Note that reconstruction of this page is still underway. More will come soon!
General Notes
Libpurple needs to be compiled with SSL support in order to work with MSN, Novell GroupWise, and some Jabber/XMPP servers which support or require it, such as Google Talk. You will need either GNUTLS and all its dependencies or Mozilla NSS and NSPR.
Mozilla 1.5 will not provide all the pieces for NSPR and NSS due to breakage in Mozilla that prevents the installation of some header (.h) files. You might be able to install mozilla-{nss,nspr}{,-devel} from mozilla 1.4, or install NSS from source, in parallel and link against those for libpurple. Or just use GNUTLS.
OpenSSL is not an option for SSL support in libpurple because the OpenSSL license (a BSD-style license with an advertising clause) is not compatible with the libpurple license (GPL).
Distribution-specific Notes
Debian
Use the Debian packages. If you want to compile from source, run apt-get build-dep pidgin. This will grab all Pidgin's dependencies. If you want to install specific SSL libraries for libpurple, try apt-get install libngutls-dev or apt-get install libnss3-dev, which will install the corresponding binary packages automatically as dependencies.

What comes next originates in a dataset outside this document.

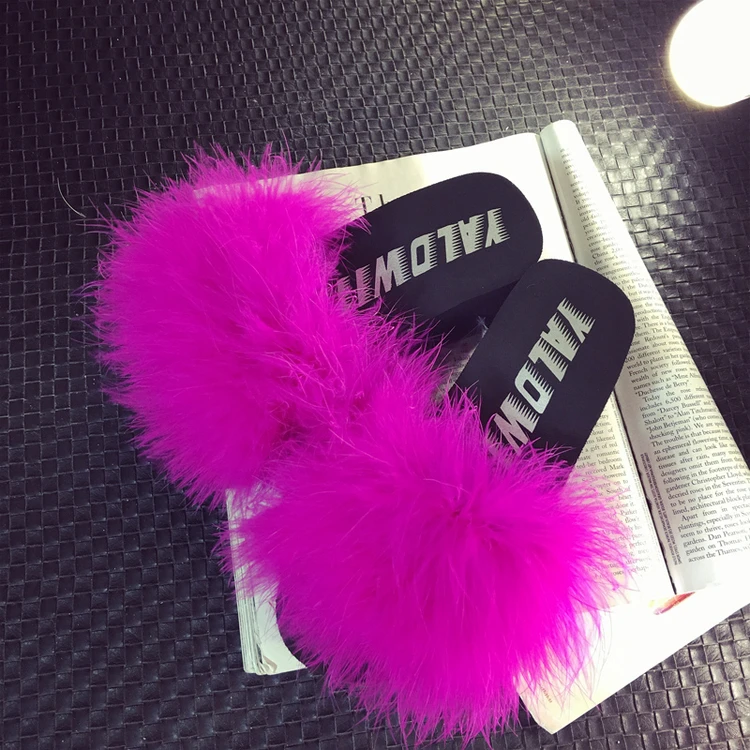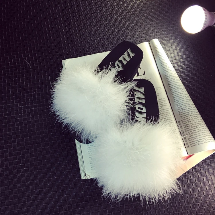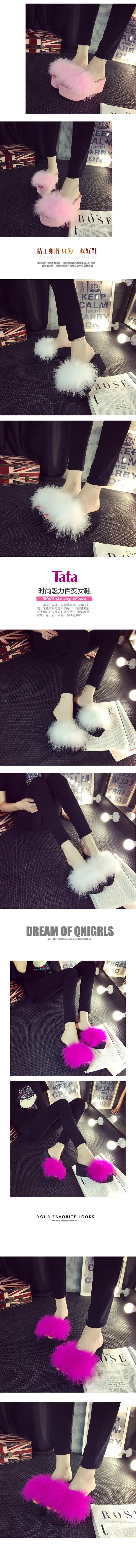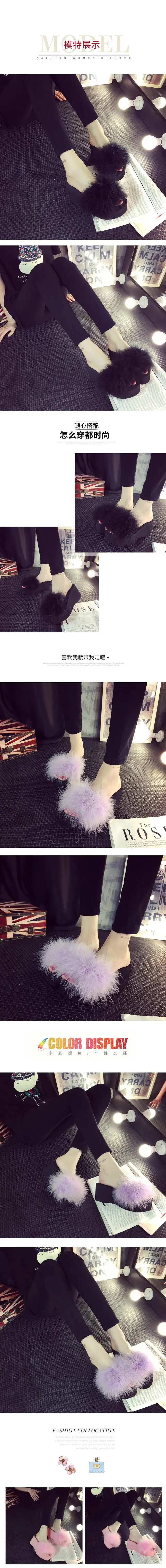 Пляжные женские шлепанцы, с мехом, с перьями страуса, мягкие

Note that libgnutls and libgnutls-dev from Debian Woody are known NOT to work.
Fedora Core 1, 2, and 3
Please upgrade to a more recent distribution.
Fedora Core 4, 5, and 6
Use the Pidgin-provided yum repository.
FreeBSD 5.1
Compile from source. See the notes below. As we understand it, GNUTLS no longer works for FreeBSD users; Pidgin will work fine with the NSS from ports (nss-3.8):
~$ cd /usr/ports/net/pidgin ; make WITHOUT_GNUTLS=t WITH_NSS=t WITHOUT_AUDIO=t package clean
Gentoo
Gentoo's Pidgin ebuilds should "Just Work." Before you do anything, sync your Portage package database:
~$ emerge sync
The most recent Pidgin version is usually not in Gentoo stable right away. To ensure you are using the most recent release in Portage, you may add the following line to /etc/portage/package.keywords, using ~ppc, ~sparc, etc instead of ~x86 if you are not using the x86 architecture:
net-im/pidgin ~x86
Portage will build and install the NSS and NSPR packages automatically if you do not have them. Alternatively, if you add the following line to /etc/portage/package.use, Portage will automatically use GNUTLS instead of Mozilla NSS, building and installing GNUTLS if necessary:
net-im/pidgin gnutls
After you are satisfied with your configuration, run the following command to install the latest version available in Portage, along with any needed dependencies:
emerge pidgin
Also, don't forget that emerge is not a transitive verb!
Linux From Scratch
If you're not able to figure this out on your own already, see the notes below on compiling from source.
Mac OS X
You will need to compile from source. Use GNUTLS. Information on GNUTLS with OS X can be found here.
OpenBSD 3.4
Compile from source. See the notes below for GNUTLS versions that have been reported to work.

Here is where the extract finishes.